Before you write out the listing, remove the pictures; everything else stays exactly as it is.

DATA SEGMENT:
--- START ---

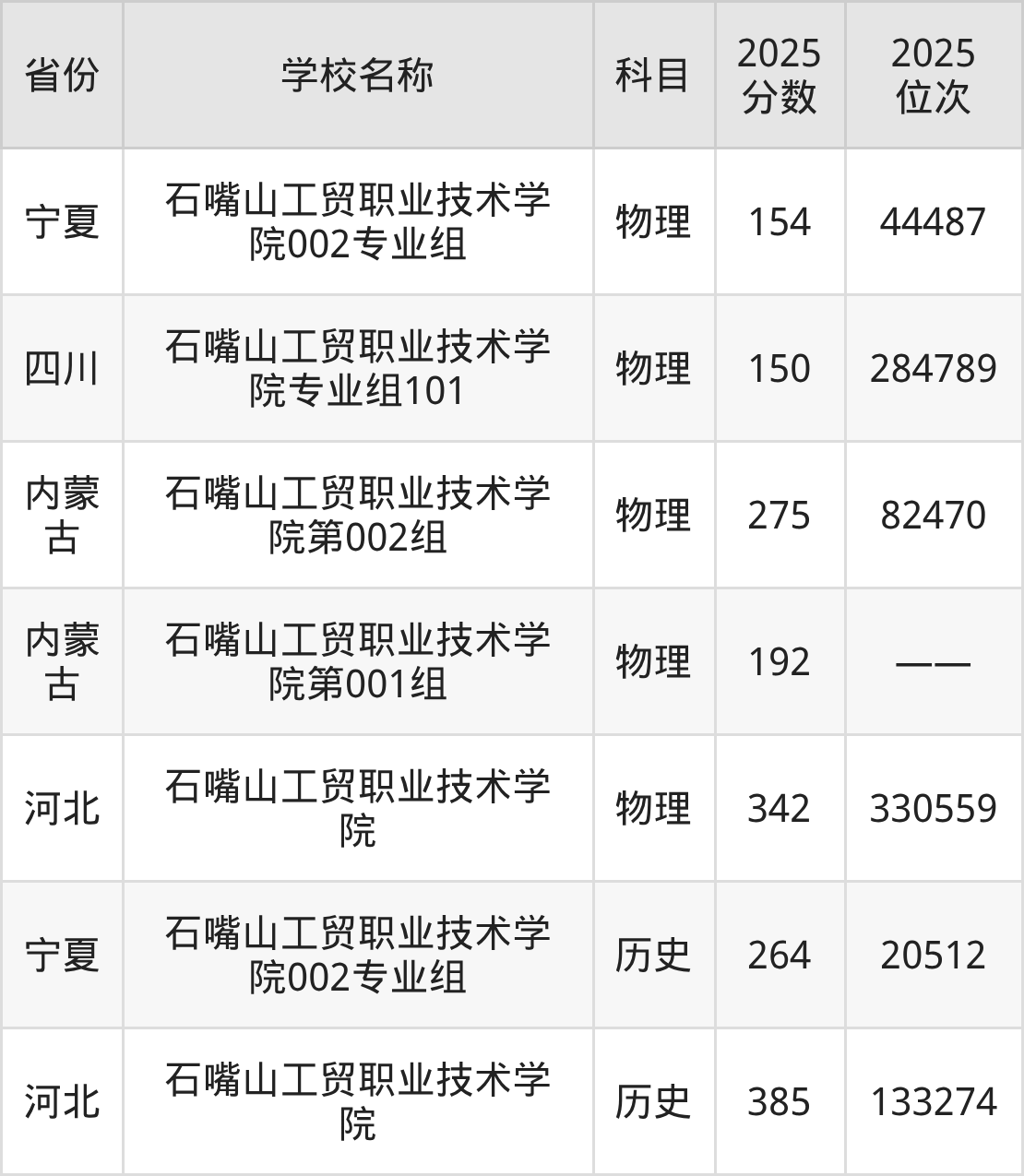 再看宁夏高考2025年专科批次线,历史类是150分、物理类是150分。通过对比发现:石嘴山工贸职业技术学院2025年历史类最低分比专科线高114分,物理类最低分比专科线高4分。2026届宁夏高考生,可通过每一次模考划线,来判断自己的成绩是否有机会被石嘴山工贸职业技术学院录取。
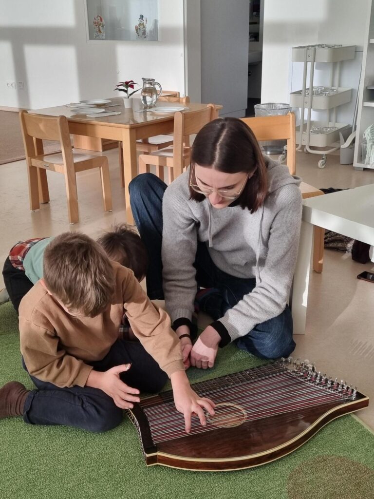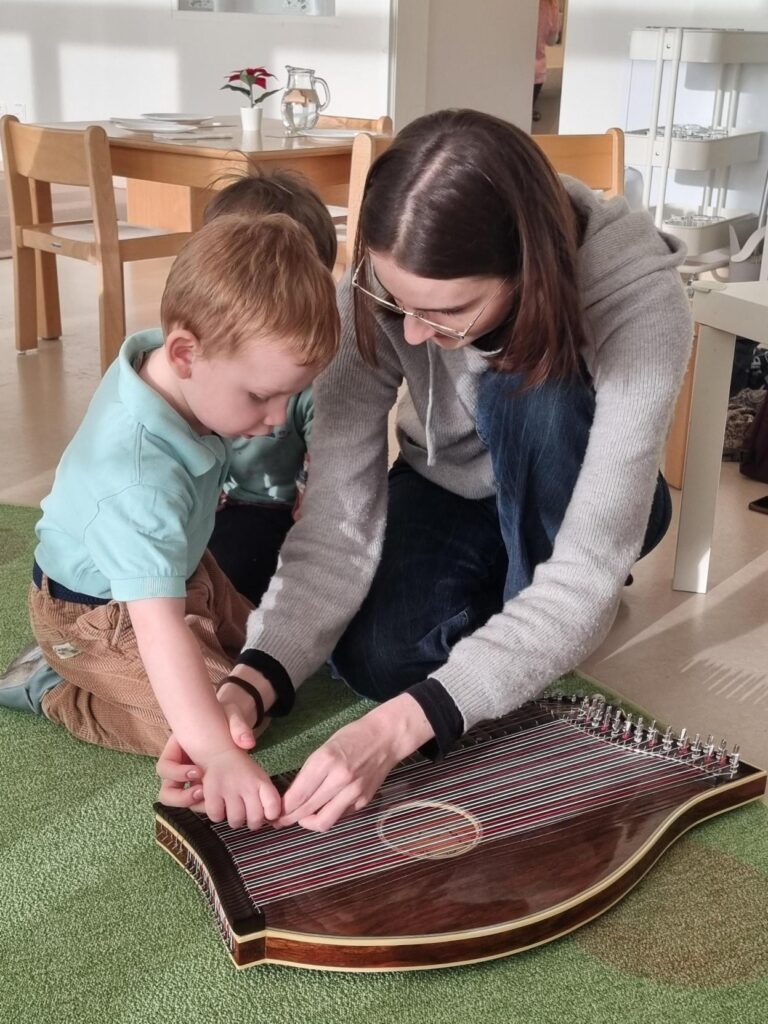 A colleague is currently completing her final practical training in the moon group as part of her training as an elementary teacher. Her chosen project topic: music and musical instruments. As part of this, the children were given a particularly sonorous experience: a musician with a zither and a musician with a viola visited the kindergarten.
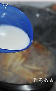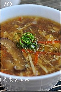 一汤匙淀粉用水调开,中火保持锅中滚开状态,缓缓倒入水淀粉,边倒边推匀,锅中汤呈稍粘稠状即可。(淀粉水不是全部用完的哦,看到汤呈稍粘稠状即停止倒淀粉水)

--- END ---

ANSWER BELOW:
 再看宁夏高考2025年专科批次线,历史类是150分、物理类是150分。通过对比发现:石嘴山工贸职业技术学院2025年历史类最低分比专科线高114分,物理类最低分比专科线高4分。2026届宁夏高考生,可通过每一次模考划线,来判断自己的成绩是否有机会被石嘴山工贸职业技术学院录取。
 A colleague is currently completing her final practical training in the moon group as part of her training as an elementary teacher. Her chosen project topic: music and musical instruments. As part of this, the children were given a particularly sonorous experience: a musician with a zither and a musician with a viola visited the kindergarten.
 一汤匙淀粉用水调开,中火保持锅中滚开状态,缓缓倒入水淀粉,边倒边推匀,锅中汤呈稍粘稠状即可。(淀粉水不是全部用完的哦,看到汤呈稍粘稠状即停止倒淀粉水)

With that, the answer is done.